シート幅は約84cm 。シングルベッドくらいの大きさです。シートは電動で座席からフルフラットまで簡単に動かせます。ベッドにして扉を閉めるとプライベート感が増します。
ビジネスクラスのThe Roomと似ているので、もはやファーストクラスはいらないという方が多いですが、実際に乗ってみると疲労度が違います。13時間のフライトでも、全く疲れることなく気持ち良い旅が保証されるのです。これにはThe Roomでいいと思っていた私自身が驚きました。
足元が広いこと、ベッドにした時の長さが違うことでビジネスクラスとは段違いのゆとりを作り出していて疲れないのだと思います。

ファーストクラスのシート

機内エンターテイメント
巨大なスクリーンがシート前方に装着されています。前方の壁が全てスクリーンです。ビジネスクラスのモニターも大きい(24インチ)ですが、ファーストはさらに大きくとても見やすいです。
コンテンツはビジネスクラスもエコノミークラスも同じです。見やすい地図、豊富な映画やドラマなど不満は全くありません。
私は映画は映画館で見るタイプなので、機内ではモニターがどんなに大きくてもノイズ・キャンセリング・ヘッドホンがどんなに素晴らしくても映画を見ることはしないのですが、長時間フライトには映画を数本見て時間を過ごすのも楽しいのではないでしょうか。

前面全てがモニター

機内WiFi
座席に着くとWiFiの無料券をいただきましたが、結局機内では何度トライしてもつながりませんでした。おそらく機材トラブルだと思いますが、私は機内ではどうしても仕事をしたりメールをしたりすることはないので、気になりませんでした。
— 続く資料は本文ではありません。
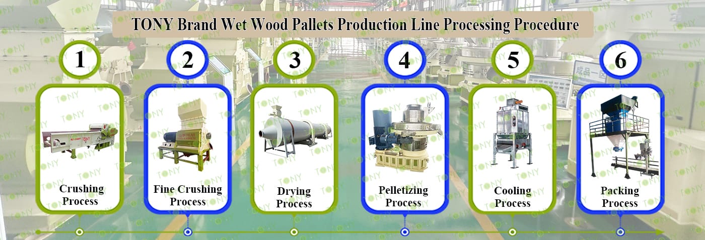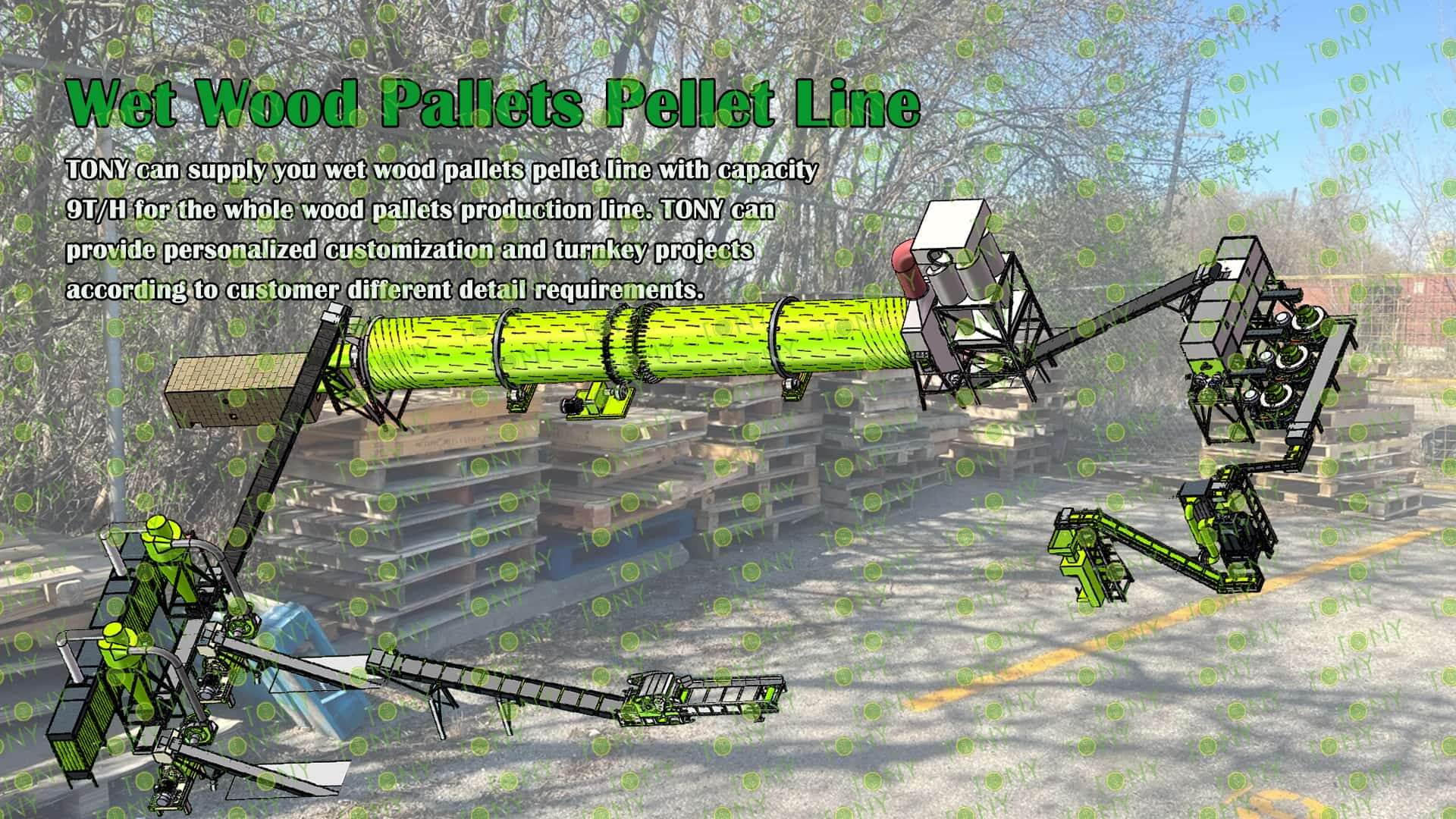 3.TONY Brand 9Ton /Hour Wet Wood Pallets Pellet Line Project Process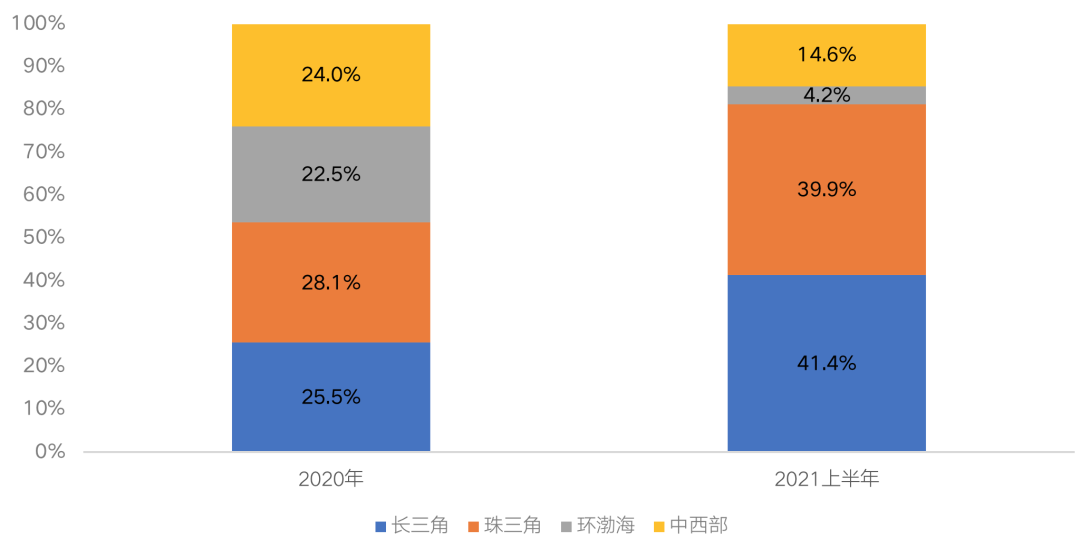 圖:萬科2020年及2021年上半年各區投資占比情況(剔除22城)

WiFiがないと困るという方は、気をつけたほうがいいですね。

ハード
トイレはウォシレットがついていますが狭いです。広さはJALの方が優っています。ファーストクラス用は2つあるので待つことはありませんし、使用後はすぐにCAの方がお掃除してくれていますので、いつでも気持ちよく使えます。
ちょっとだけ軽食を置いてあるようなスペースはありません。ファーストクラスなので、CAさんに頼めば何でも持ってきてくださるので、問題ないのですが、ストレッチしたり談笑できるスペースはないです。テロ対策、コロナ対策などもあり、このような余計なスペースはなくなる傾向ですが、リラックスできるスペースがなくなってしまい残念です。
アメニティは、ビジネスクラスとあまり変わりないのではないでしょうか。ファーストクラスで追加されるのは持ち帰りOKのジャージくらいでしょうか。昔はファーストクラスに乗るといろいろと戴けましたが、この辺りは簡素化されているようです。

機内サービス
ファーストクラスですのでサービスに不満はありません。特にANAのファーストクラスのCAさんは皆さんベテランですのでとても気持ちの良いサービスに徹してくれます。The Suiteは扉も閉まるので、それほど濃いコミュニケーションを取ることはなかったのですが、食事の際などは適度な会話が素晴らしいです。過剰なサービスということはなく「適度」さが気持ちよかったです。

機内食

機内食
ANAファーストクラスの機内食はいつも素晴らしいのですが、コロナ後になって急に残念な感じになっています。かつての美味しさはなくなりメニューの数も減り、かつてのワクワク感は消滅しています。
まずはメニュー例を紹介します。
<アミューズ>
・アミューズは以下の料理が一口程度提供されます。
 アプリコットとゴートチーズ
 スモークサーモンの薔薇仕立て
 マッシュルームデュクセル
 チーズペッパーバー
<洋食>
アペタイザー
・かつては1人の乗客にキャビアが1瓶供されていましたが、今は以下のような感じです。
 キャビアを添えたカリフラワーのムース
 ズッキーニで巻いたブッラータチーズ 
 海老と帆立貝のガトースタイル
メインディッシュ
 (肉料理)牛フィレのステーキ
 (魚料理)シーバスのソテー
ブレッドセレクション
チーズプレート
デザート
・洋食は全体的にファミレスレベルまで味が低下しています。コロナ前のANAは素晴らしい洋食を提供していたのですが、おそらくコストダウンしたのでしょう。
<和食>
先付
 ホタルイカと筍の生姜醤油あんかけ
前菜
 鮑ときゅうりの土佐酢ジュレかけ
 帆立貝磯辺揚げ
 サーモンとクリームチーズのキャベツ巻き
 飯蛸
 さつま芋レモン
 合鴨トマト煮 
 ブロッコリーニ昆布締
温物
 牛赤味噌煮込み
小鉢
 うすい豆腐
主菜
 魚塩焼 蟹あんかけ
ご飯
甘味
・見た目は華やかですが素材のクオリティが悪くなりました。

メニューの文字だけ見ると魅力的ですが、味はかなりがっかりです。スターシェフの起用は宣伝的には華々しいのですが、美味しくないです。これはビジネスクラスも同様です。かつてのように機内食を本気で企画して機内食工場のシェフたちが開発していた頃の方が美味しいし楽しかったです。これは早急に改善が必要です。ANAに乗りたいと思う重要な要素であった機内食が他社と同等がそれよりも劣るのはとても残念です。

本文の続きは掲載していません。